THE TASK -
Leaving out any pictures, transcribe every record exactly.

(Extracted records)
╔══
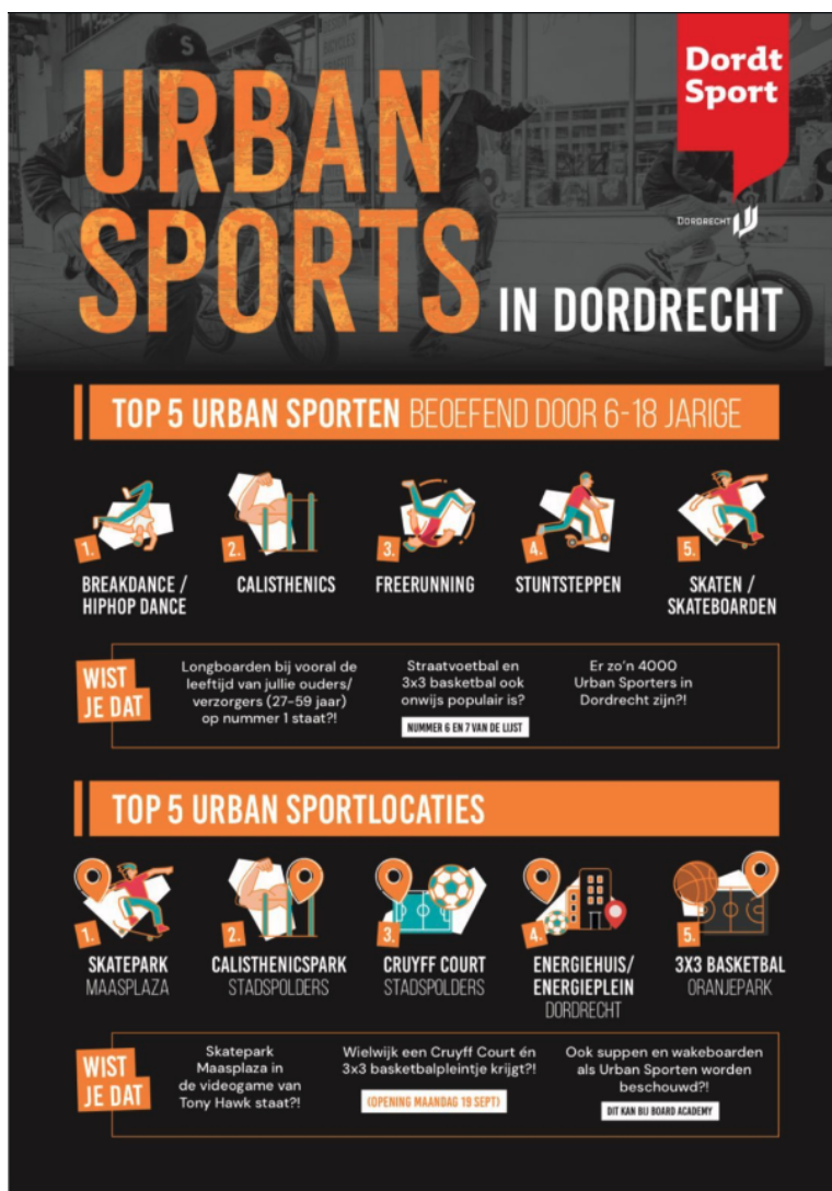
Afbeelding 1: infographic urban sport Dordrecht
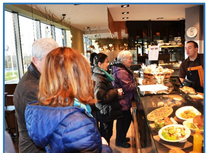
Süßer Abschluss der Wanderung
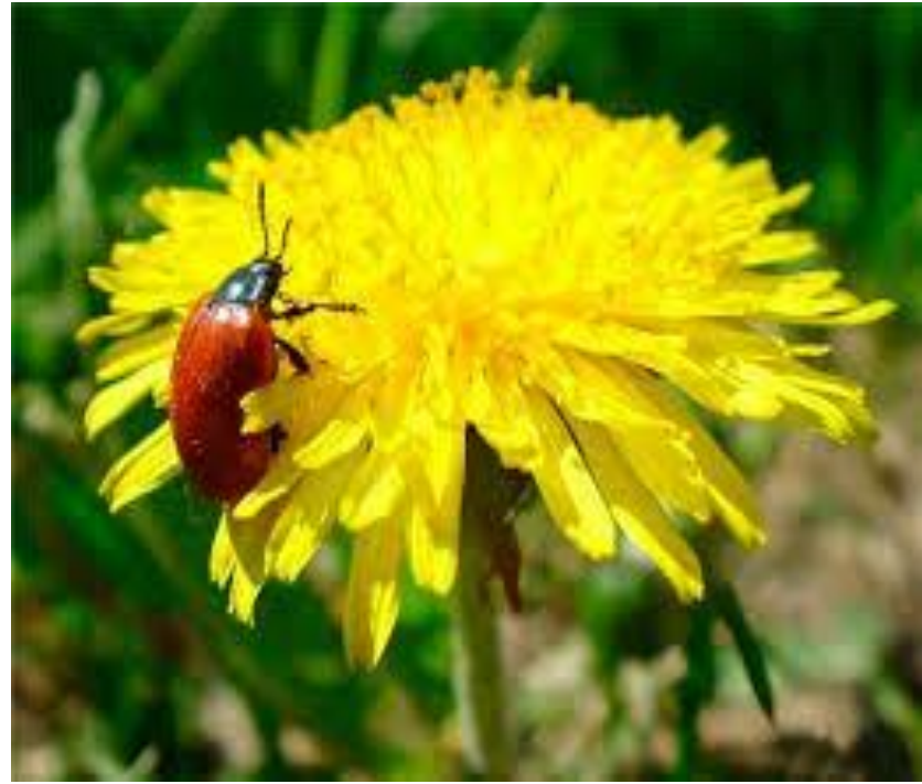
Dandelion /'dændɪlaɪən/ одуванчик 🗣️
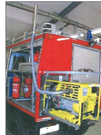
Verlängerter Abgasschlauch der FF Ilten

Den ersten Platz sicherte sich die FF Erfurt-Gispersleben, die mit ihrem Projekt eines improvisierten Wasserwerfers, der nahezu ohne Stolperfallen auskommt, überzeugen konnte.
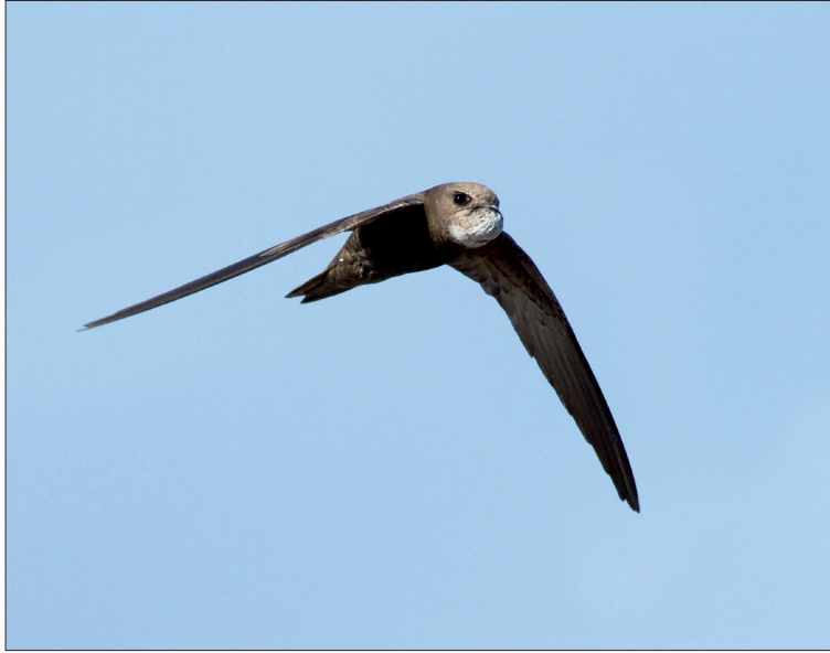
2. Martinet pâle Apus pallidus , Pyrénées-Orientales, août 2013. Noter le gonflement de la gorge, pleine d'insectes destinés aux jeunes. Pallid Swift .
╚══
THE ANSWER -
Afbeelding 1: infographic urban sport Dordrecht
Süßer Abschluss der Wanderung
Dandelion /'dændɪlaɪən/ одуванчик 🗣️
Verlängerter Abgasschlauch der FF Ilten

Den ersten Platz sicherte sich die FF Erfurt-Gispersleben, die mit ihrem Projekt eines improvisierten Wasserwerfers, der nahezu ohne Stolperfallen auskommt, überzeugen konnte.
2. Martinet pâle Apus pallidus , Pyrénées-Orientales, août 2013. Noter le gonflement de la gorge, pleine d'insectes destinés aux jeunes. Pallid Swift .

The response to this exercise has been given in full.